[Stored dataset items]
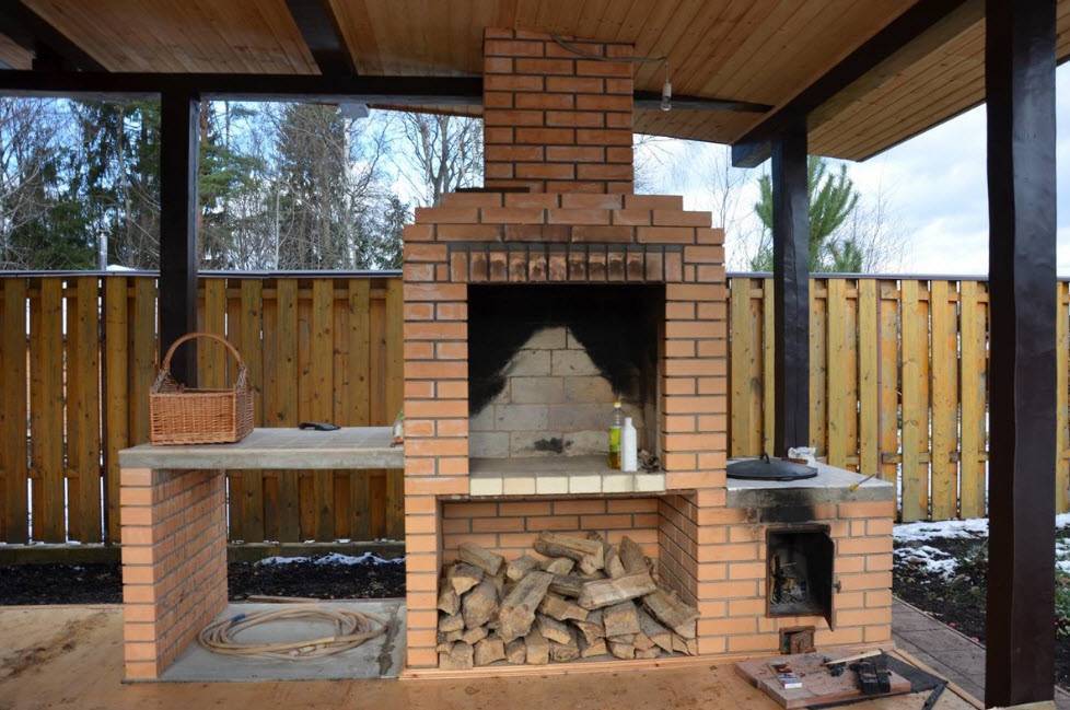 Когда со схемой и эскизом все решено, и вы знаете, какую форму будет иметь печь и беседка, можно в выбранном месте начинать устраивать фундамент. Предусмотрите защиту от ветра, теплоотражатели и нишу для поленницы.
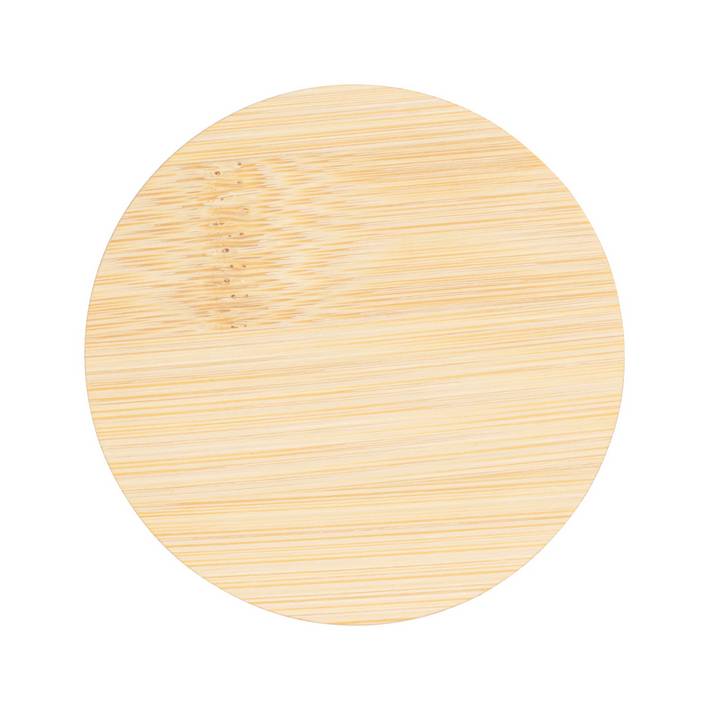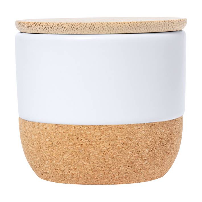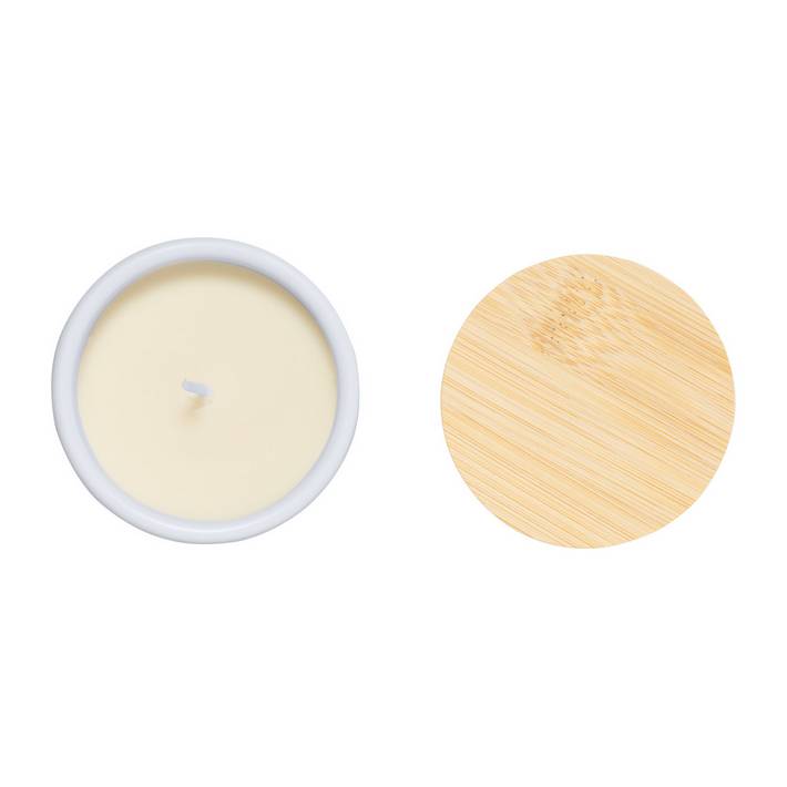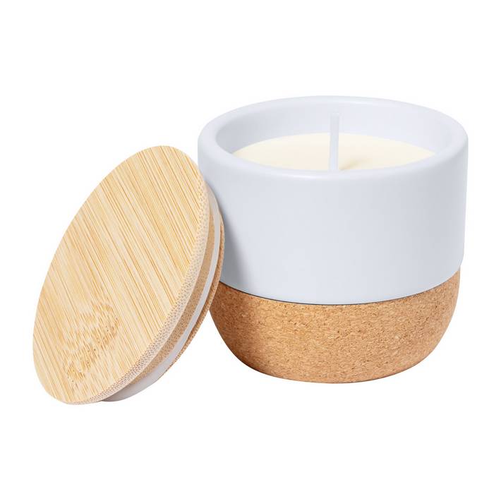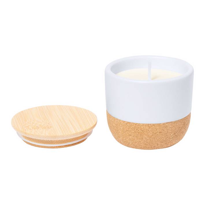 Vanilla scented plant-based wax candle in ceramic holder with natural cork bottom and bamboo lid.
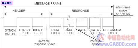 一個(gè)報(bào)文幀如圖 1-2所示,是由一個(gè)主機(jī)節(jié)點(diǎn)發(fā)送的報(bào)文頭和一個(gè)主機(jī)或從機(jī)節(jié)點(diǎn)發(fā)送的響應(yīng)組成。報(bào)文幀的報(bào)文頭包括一個(gè)同步間隔場(SYNCH BREAK FIELD)、一個(gè)同步場(SYNCH FIELD)和一個(gè)標(biāo)識(shí)符場。報(bào)文幀的響應(yīng)(RESPONSE)則由3 個(gè)到9 個(gè)字節(jié)場組成:2、4 或8 字節(jié)的數(shù)據(jù)場(DATA FIELD)和一個(gè)校驗(yàn)和場(CHECKSUM FIELD)。字節(jié)場由字節(jié)間空間分隔,報(bào)文幀的報(bào)文頭和響應(yīng)是由一個(gè)幀內(nèi)響應(yīng)空間分隔。最小的字節(jié)間空間和幀內(nèi)響應(yīng)空間是0,這些空間的最大長度由報(bào)文幀的最大長度TFRAME_MAX。
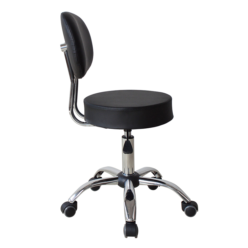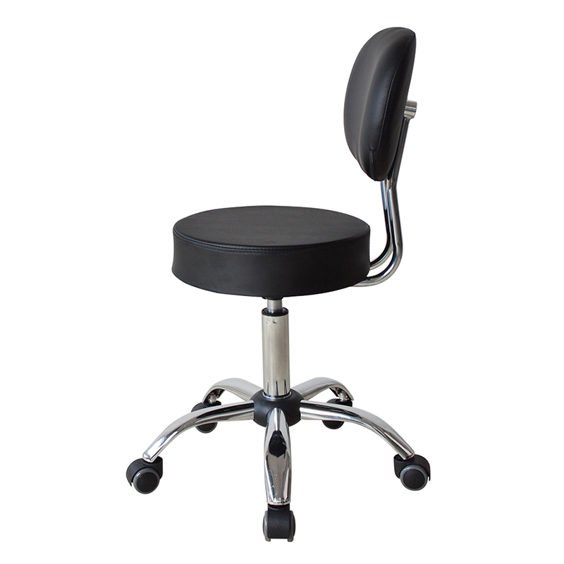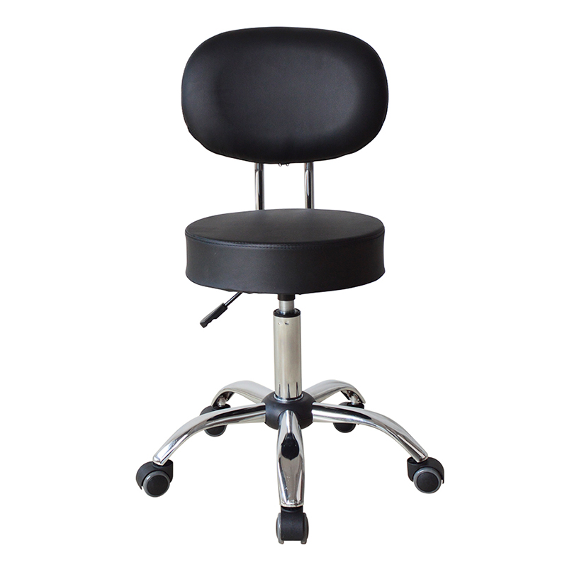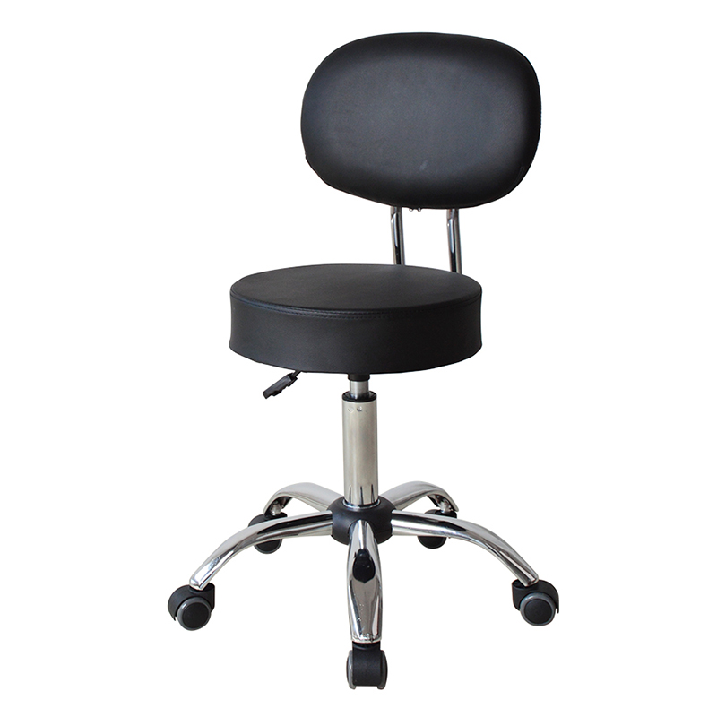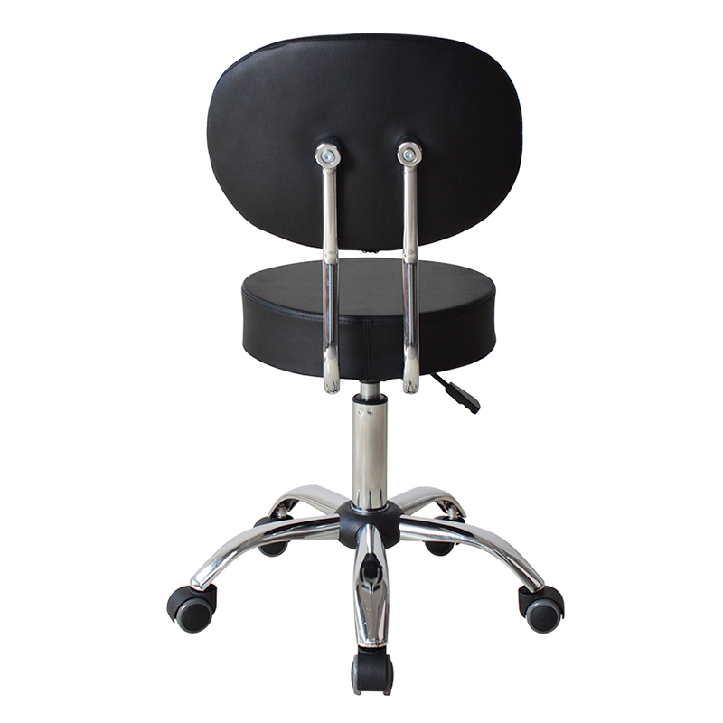 Nagtatampok ang mga upuan ng swivel mechanism na nagbibigay-daan sa user na lumiko ng 360 degrees, na ginagawang madali upang harapin ang mga kliyente o ayusin ang posisyon habang nagtatrabaho. Ang mid-back na disenyo ay nagbibigay ng suporta para sa gulugod, at ang leather na upholstery ay nag-aalok ng tibay at kadalian ng pagpapanatili.
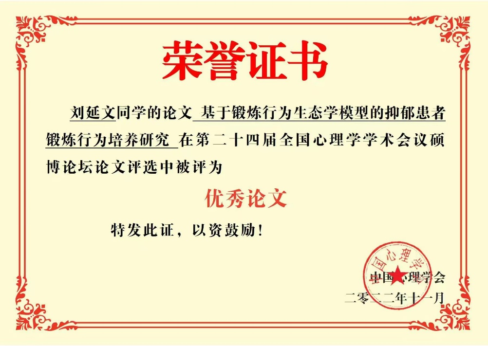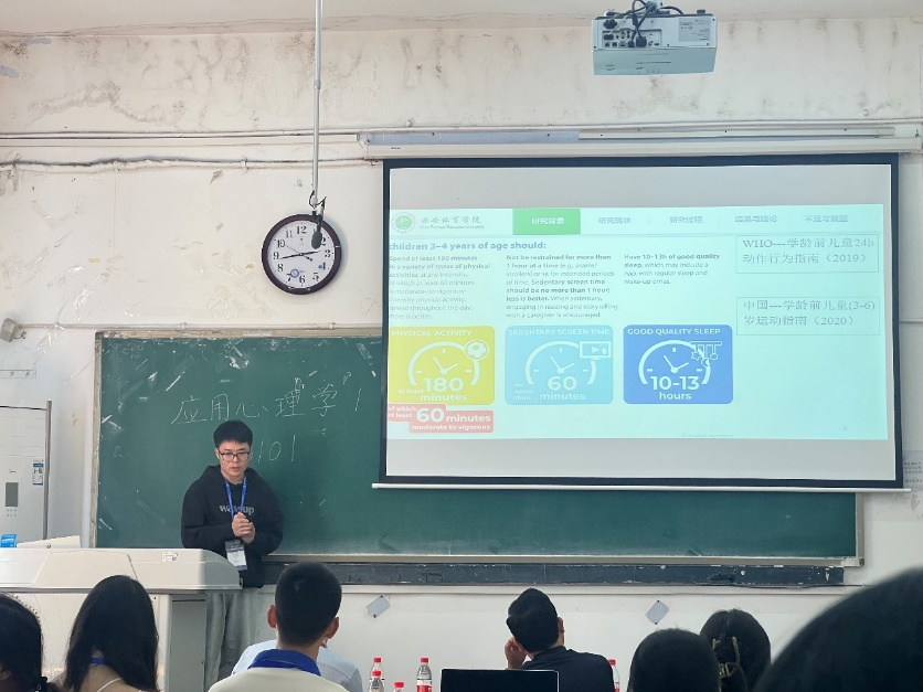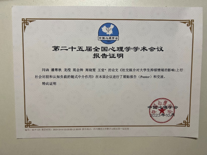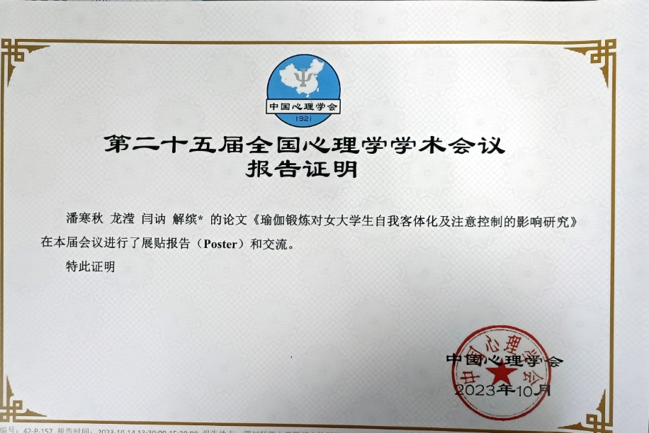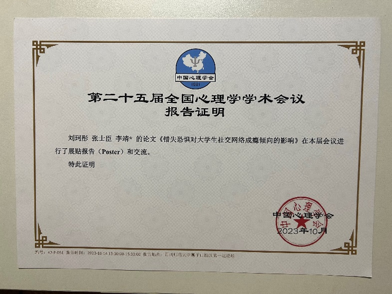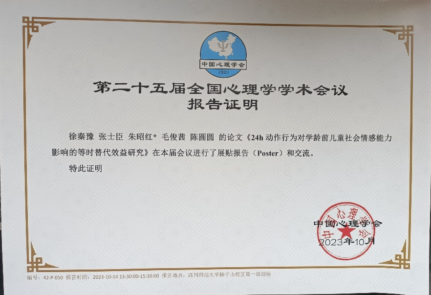 此外,心理学系硕士研究生潘寒秋,在展贴报告中展示了《瑜伽锻炼对女大学生自我客体化及注意控制的影响研究》的研究成果;徐秦豫在展贴报告中展示了《24小时动作行为对学龄前儿童社会情感能力影响的等时替代效益研究》的研究成果;闫讷在展贴报告中展示了《社交媒介对大学生抑郁情绪的影响:上行社会比较和认知负载的链式中介作用》的研究成果;刘珂彤在展贴报告中展示了《错失恐惧对大学生社交网络成瘾倾向的影响》的研究成果。
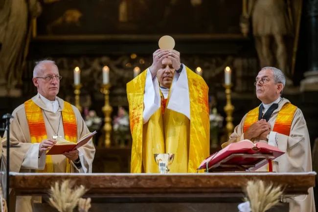 A szentmise főcelebránsa Mohos Gábor, az Esztergom-Budapesti Főegyházmegye segédpüspöke, a külföldi magyarok pasztorációjáért felelős püspök volt. Az osztrák és a magyar papság közösen mutatta be az Áldozatot. Köztük Franz Scharl, a Bécsi Főegyházmegye segédpüspöke, Dariusz Schutzki püspöki helynök, valamint az Ausztriában szolgáló magyar atyák – Szabó Ernő főlelkész – és Varga János, a Collegium Pazmanianum rektora, a szentmise egyik házigazdája és kiemelt közreműködője. Jelen volt továbbá Pál László atya, a Kismartoni Egyházmegye magyarokért felelős helynöke, Galgóczy Rudolf atya, Lég plébánosa, Keresztes Andor atya, Máriagyüd plébánosa és Kiss G. Barnabás OFM Detroitból.
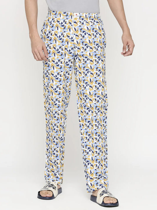 Men Cotton Printed Yellow Pyjama- UnderJeans by Spykar
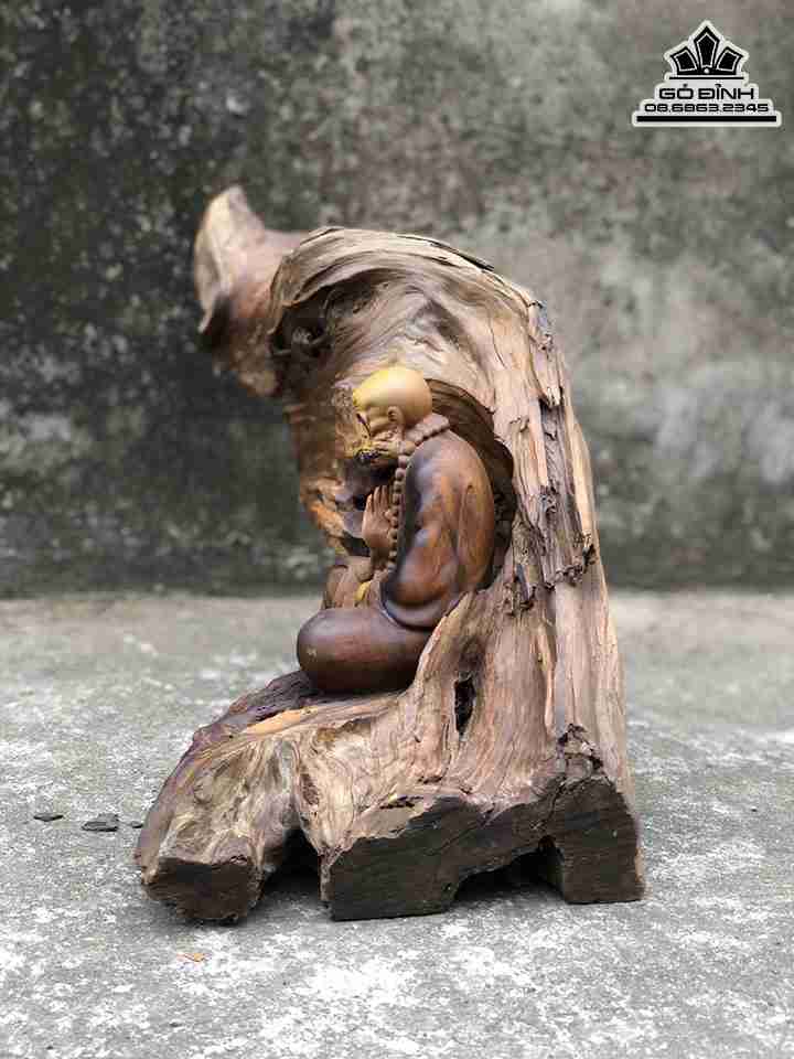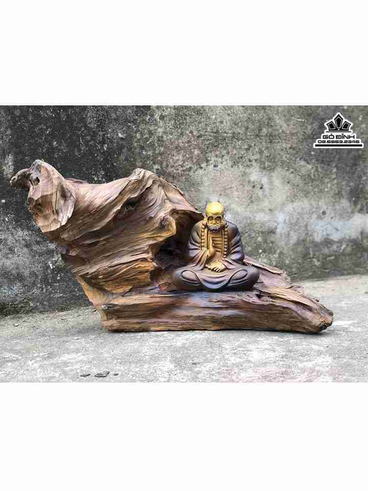 Tượng Đạt Ma Ngồi Thiền Gỗ Bách Xanh Cao 29 Ngang 52 Sâu 22 (cm)
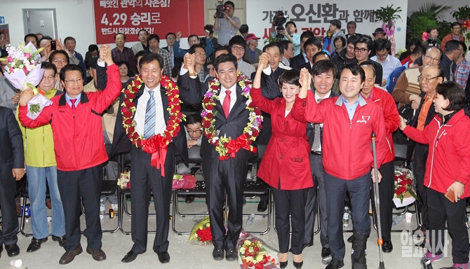새누리당 서울 관악을 오신환 후보가 29일 오후 서울 관악구 오 후보의 선거사무소에서 국회의원 재보궐선거 당선을 확정짓자 환호하고 있다.
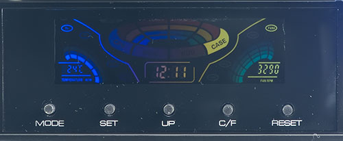 Самый «броский» элемент лицевой панели — ЖК-экран многофункционального модуля. Функция, которая будет полезна любому владельцу корпуса — это часы, которые никак не зависят от материнской платы и т. д., для них предусмотрена собственная батарейка стандартного «компьютерного» типоразмера CR2032. К сожалению, автономность часов не полная: когда компьютер выключен, индикатор вместе с часами просто гаснет.
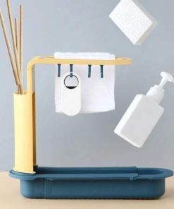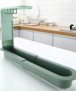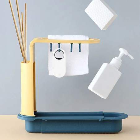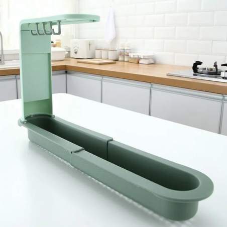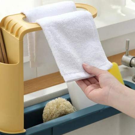 Original y completo escurridor organizador para bacha, extensible, con cuelga toalla y ganchos.
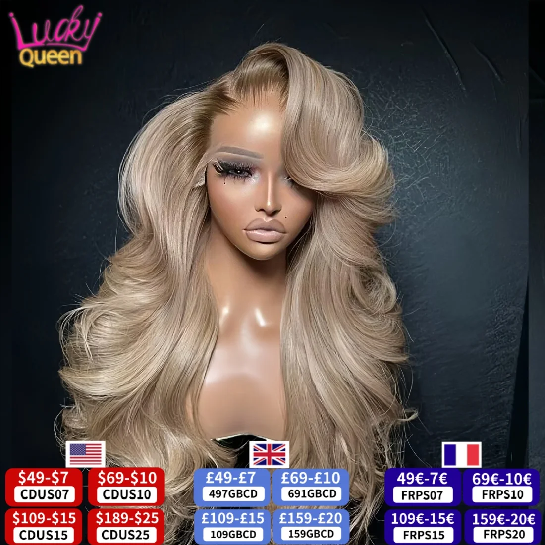 옹 브르 블론드 13X4 투명 레이스 프론트 인간의 머리 가발 브라운 루트 바디 웨이브 애쉬 블론드 5X5 클로저 가발 Pre Plucked

DESCRIPTION OF THE TASK: Leave the pictures out and reproduce each record exactly as written.

REPLY:
 Когда со схемой и эскизом все решено, и вы знаете, какую форму будет иметь печь и беседка, можно в выбранном месте начинать устраивать фундамент. Предусмотрите защиту от ветра, теплоотражатели и нишу для поленницы.
 Vanilla scented plant-based wax candle in ceramic holder with natural cork bottom and bamboo lid.
 一個(gè)報(bào)文幀如圖 1-2所示,是由一個(gè)主機(jī)節(jié)點(diǎn)發(fā)送的報(bào)文頭和一個(gè)主機(jī)或從機(jī)節(jié)點(diǎn)發(fā)送的響應(yīng)組成。報(bào)文幀的報(bào)文頭包括一個(gè)同步間隔場(SYNCH BREAK FIELD)、一個(gè)同步場(SYNCH FIELD)和一個(gè)標(biāo)識(shí)符場。報(bào)文幀的響應(yīng)(RESPONSE)則由3 個(gè)到9 個(gè)字節(jié)場組成:2、4 或8 字節(jié)的數(shù)據(jù)場(DATA FIELD)和一個(gè)校驗(yàn)和場(CHECKSUM FIELD)。字節(jié)場由字節(jié)間空間分隔,報(bào)文幀的報(bào)文頭和響應(yīng)是由一個(gè)幀內(nèi)響應(yīng)空間分隔。最小的字節(jié)間空間和幀內(nèi)響應(yīng)空間是0,這些空間的最大長度由報(bào)文幀的最大長度TFRAME_MAX。
 Nagtatampok ang mga upuan ng swivel mechanism na nagbibigay-daan sa user na lumiko ng 360 degrees, na ginagawang madali upang harapin ang mga kliyente o ayusin ang posisyon habang nagtatrabaho. Ang mid-back na disenyo ay nagbibigay ng suporta para sa gulugod, at ang leather na upholstery ay nag-aalok ng tibay at kadalian ng pagpapanatili.
 此外,心理学系硕士研究生潘寒秋,在展贴报告中展示了《瑜伽锻炼对女大学生自我客体化及注意控制的影响研究》的研究成果;徐秦豫在展贴报告中展示了《24小时动作行为对学龄前儿童社会情感能力影响的等时替代效益研究》的研究成果;闫讷在展贴报告中展示了《社交媒介对大学生抑郁情绪的影响:上行社会比较和认知负载的链式中介作用》的研究成果;刘珂彤在展贴报告中展示了《错失恐惧对大学生社交网络成瘾倾向的影响》的研究成果。
 A szentmise főcelebránsa Mohos Gábor, az Esztergom-Budapesti Főegyházmegye segédpüspöke, a külföldi magyarok pasztorációjáért felelős püspök volt. Az osztrák és a magyar papság közösen mutatta be az Áldozatot. Köztük Franz Scharl, a Bécsi Főegyházmegye segédpüspöke, Dariusz Schutzki püspöki helynök, valamint az Ausztriában szolgáló magyar atyák – Szabó Ernő főlelkész – és Varga János, a Collegium Pazmanianum rektora, a szentmise egyik házigazdája és kiemelt közreműködője. Jelen volt továbbá Pál László atya, a Kismartoni Egyházmegye magyarokért felelős helynöke, Galgóczy Rudolf atya, Lég plébánosa, Keresztes Andor atya, Máriagyüd plébánosa és Kiss G. Barnabás OFM Detroitból.
 Men Cotton Printed Yellow Pyjama- UnderJeans by Spykar
 Tượng Đạt Ma Ngồi Thiền Gỗ Bách Xanh Cao 29 Ngang 52 Sâu 22 (cm)
새누리당 서울 관악을 오신환 후보가 29일 오후 서울 관악구 오 후보의 선거사무소에서 국회의원 재보궐선거 당선을 확정짓자 환호하고 있다.
 Самый «броский» элемент лицевой панели — ЖК-экран многофункционального модуля. Функция, которая будет полезна любому владельцу корпуса — это часы, которые никак не зависят от материнской платы и т. д., для них предусмотрена собственная батарейка стандартного «компьютерного» типоразмера CR2032. К сожалению, автономность часов не полная: когда компьютер выключен, индикатор вместе с часами просто гаснет.
 Original y completo escurridor organizador para bacha, extensible, con cuelga toalla y ganchos.
 옹 브르 블론드 13X4 투명 레이스 프론트 인간의 머리 가발 브라운 루트 바디 웨이브 애쉬 블론드 5X5 클로저 가발 Pre Plucked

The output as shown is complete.